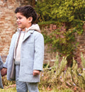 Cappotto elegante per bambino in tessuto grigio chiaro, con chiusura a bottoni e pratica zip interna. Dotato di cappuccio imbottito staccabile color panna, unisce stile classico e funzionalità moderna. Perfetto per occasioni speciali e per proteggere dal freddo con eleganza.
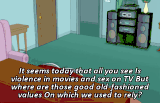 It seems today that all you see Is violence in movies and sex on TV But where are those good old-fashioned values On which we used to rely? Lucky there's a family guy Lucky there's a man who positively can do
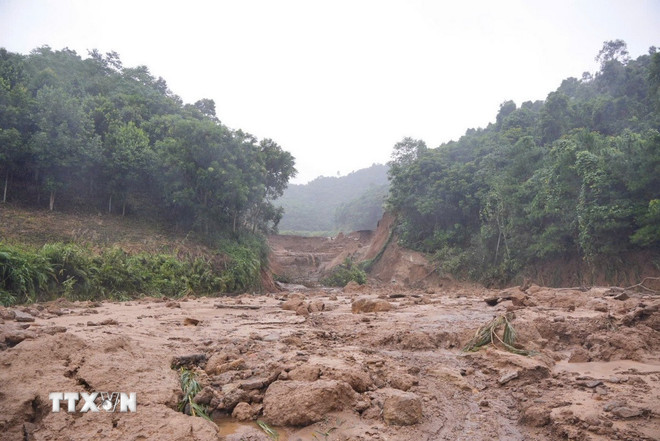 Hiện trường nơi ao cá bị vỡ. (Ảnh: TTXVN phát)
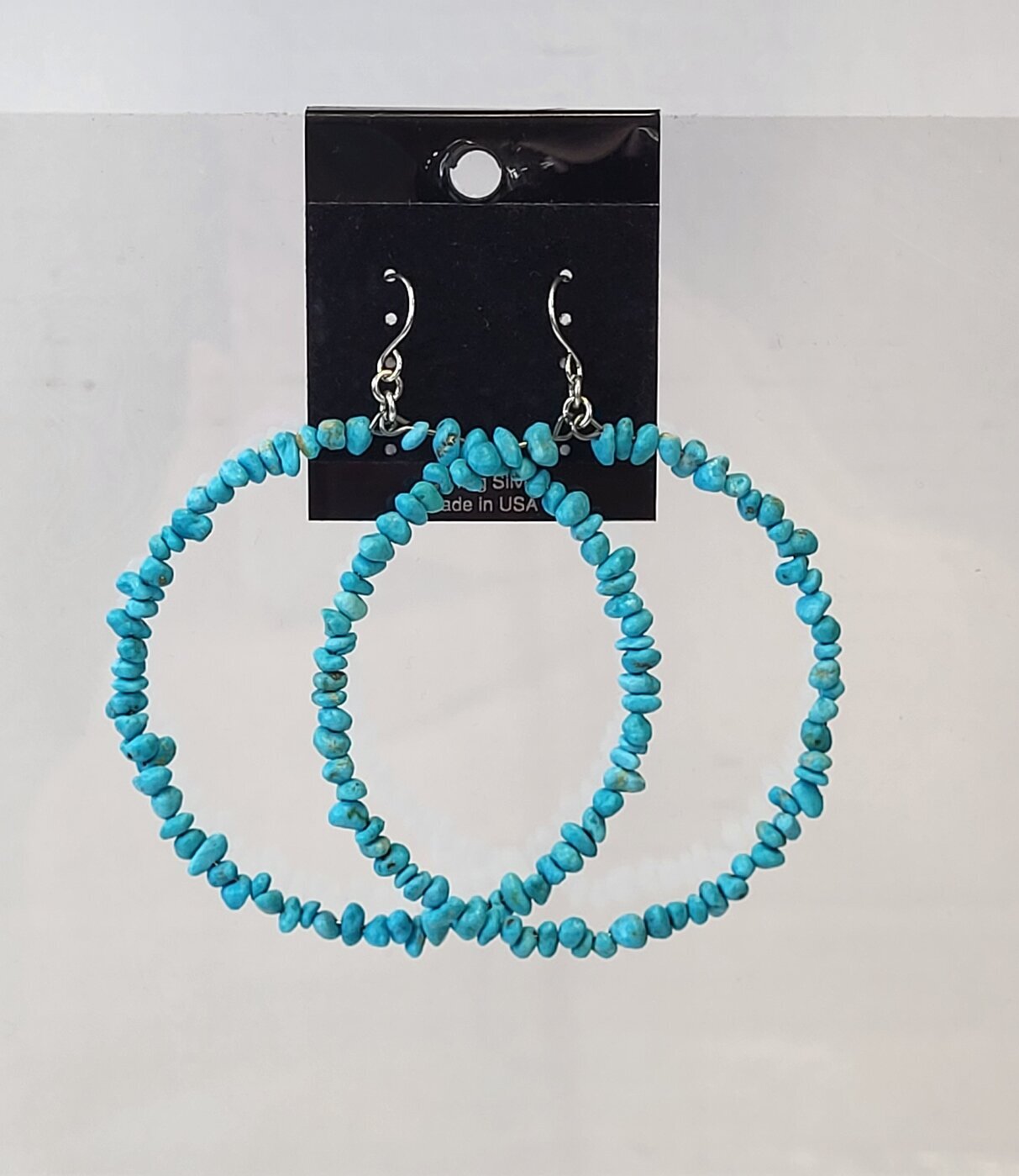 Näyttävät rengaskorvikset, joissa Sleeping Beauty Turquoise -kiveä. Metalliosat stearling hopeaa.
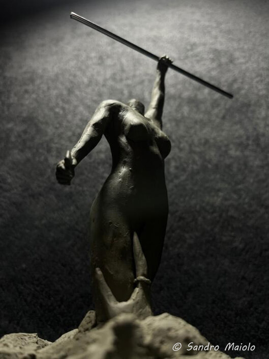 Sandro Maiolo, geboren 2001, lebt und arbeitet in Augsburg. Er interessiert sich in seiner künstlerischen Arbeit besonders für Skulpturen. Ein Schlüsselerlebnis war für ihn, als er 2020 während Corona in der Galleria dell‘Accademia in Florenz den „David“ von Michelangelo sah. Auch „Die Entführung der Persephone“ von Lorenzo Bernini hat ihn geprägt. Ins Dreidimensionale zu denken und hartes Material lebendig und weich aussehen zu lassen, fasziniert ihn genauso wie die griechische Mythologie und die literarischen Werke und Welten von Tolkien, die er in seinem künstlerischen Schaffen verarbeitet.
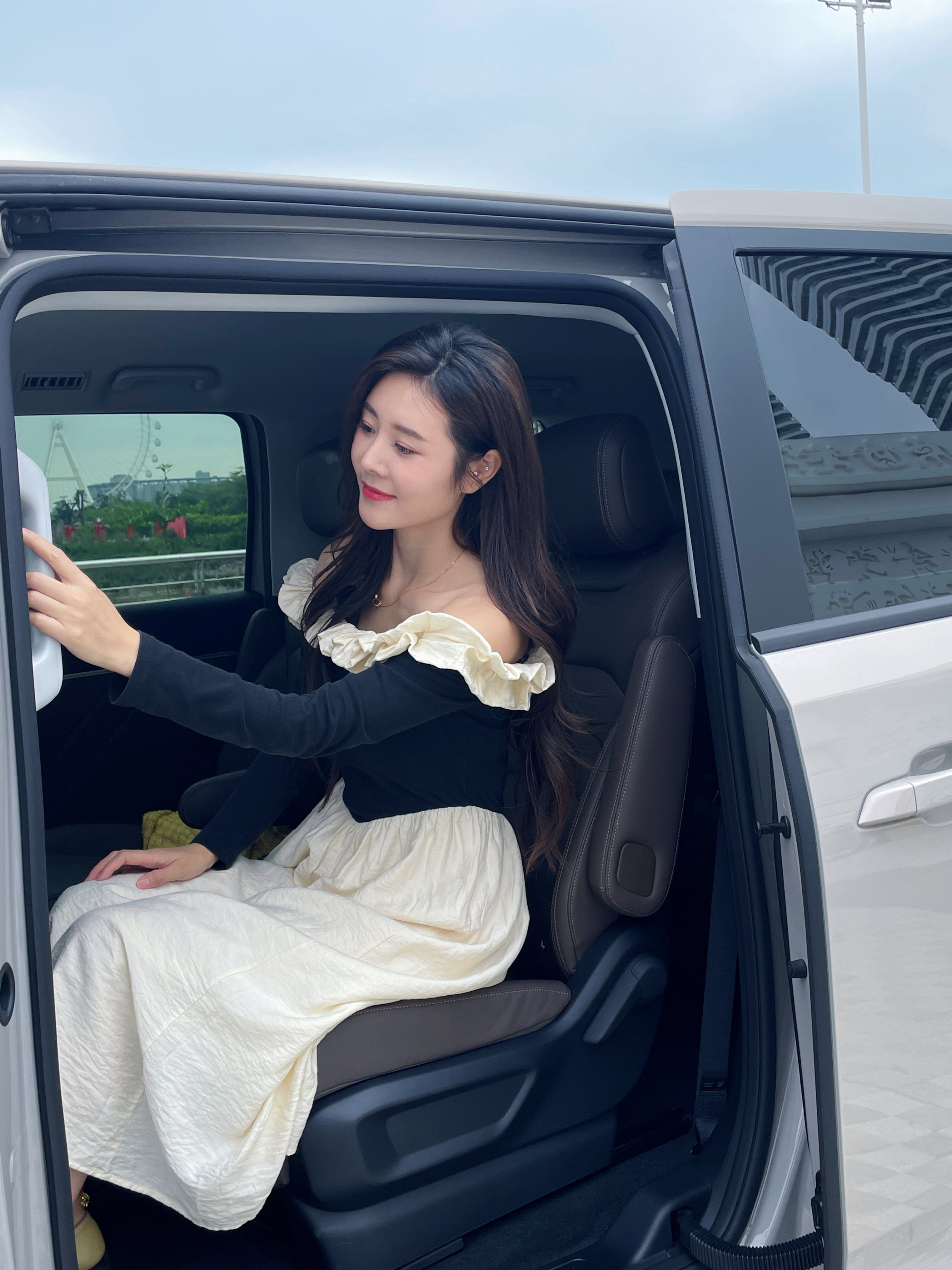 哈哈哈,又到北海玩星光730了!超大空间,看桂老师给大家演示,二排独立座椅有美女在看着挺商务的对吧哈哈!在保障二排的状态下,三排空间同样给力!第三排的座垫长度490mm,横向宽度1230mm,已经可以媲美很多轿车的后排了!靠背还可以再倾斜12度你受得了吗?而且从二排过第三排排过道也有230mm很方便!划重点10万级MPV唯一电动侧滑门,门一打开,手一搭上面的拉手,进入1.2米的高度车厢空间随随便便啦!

--

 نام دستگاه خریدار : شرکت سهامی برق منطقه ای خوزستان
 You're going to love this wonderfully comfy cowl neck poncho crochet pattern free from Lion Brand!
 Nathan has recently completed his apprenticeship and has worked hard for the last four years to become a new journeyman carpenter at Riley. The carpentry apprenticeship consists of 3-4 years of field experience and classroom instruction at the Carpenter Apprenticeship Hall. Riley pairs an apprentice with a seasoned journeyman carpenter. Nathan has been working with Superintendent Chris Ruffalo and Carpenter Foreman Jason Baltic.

--

§ **WORK INSTRUCTIONS**
The response must hold only the lines above from the line with "You're going to" through the line with "Nathan has recently", each copied exactly, both ends kept.

§ **FINAL ANSWER**
 You're going to love this wonderfully comfy cowl neck poncho crochet pattern free from Lion Brand!
 Nathan has recently completed his apprenticeship and has worked hard for the last four years to become a new journeyman carpenter at Riley. The carpentry apprenticeship consists of 3-4 years of field experience and classroom instruction at the Carpenter Apprenticeship Hall. Riley pairs an apprentice with a seasoned journeyman carpenter. Nathan has been working with Superintendent Chris Ruffalo and Carpenter Foreman Jason Baltic.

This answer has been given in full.